Elyse grabs a book from the shelf and props up a load of her cushions on the bed. The room is already flickering with candles, which seems appropriate, and she turns the music down to a soporific hum. She says that we need something to use as a sort of pendulum, and says our bracelets should work as well as anything. She takes hers off, the little moons and crystals glittering in the dim light. We both wear our bracelets all the time and Elyse seems to like anything that draws attention to our matching symbols as much as I do. This brings me so much joy that I have almost forgotten my uneasiness at how we got them in the first place.
‘Why don’t you try it on me first?’ she suggests, settling herself into a lying down position with the cushions under her head.
Although this whole thing is so silly, I’m kind of glad she’s suggested it this way around. As instructed by Elyse, I stand over her and hold the long chain of the bracelet over her face. I swing it slowly from side to side and read out loud from the book, until Elyse is supposed to be in a super-relaxed hypnotic state and I can ask her questions of my own. I feel silly, but try to speak in a quiet, calming voice.

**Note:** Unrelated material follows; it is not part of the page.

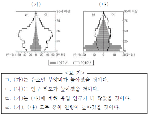 그래프는 (가), (나) 지역의 인구 구조 변화를 나타낸 것이다. 이에 대한 옳은 추론을 <보기>에서 고른 것은? [3점]

‘Elyse, how do you feel?’ I ask her.
‘Fine. Relaxed. Kind of sleepy.’ Her voice sounds sort of far away, not nearly as loud and strident as usual.
She’s probably putting it on, but I play along. There is a pause while I have a think. I could ask her anything, but my mind has gone blank. I should probably ask her things related to our astrological charts – that was the aim, after all – but all I can think of are fake-psychiatrist type questions that I want to try out, to find out exactly what she thinks about things I wouldn’t usually ask.
‘Do you really believe that you and I are astrological sisters?’
‘Yes, Gemini twins.’
‘Is everything you wrote in that chart true?’
‘Yes.’
‘What about Shimmi’s?’
‘Shimmi isn’t important.’
I giggle inwardly at this. Even though Elyse must be faking, I kind of like the direction this is going – so this is actually a useful exercise, just for my own selfish purposes, to ascertain that Elyse and I are in total agreement about these things, just as I suspected.
‘OK…tell me more about Gareth next door?’ After looking at his closed curtains earlier, he has randomly popped into my head, and I find I’m interested in what she has to say about him – I’ve been confused about what she really thinks of him.
‘He’s not like people think.’
‘How about…Jago?’ I can feel my pulse quicken even as I ask this.
‘He’s evil. Don’t get involved with him. He’s evil. He will trick you, like he tried to do with me.’
This is making me feel weird so I change tack, with another unrelated thought that has popped into my brain.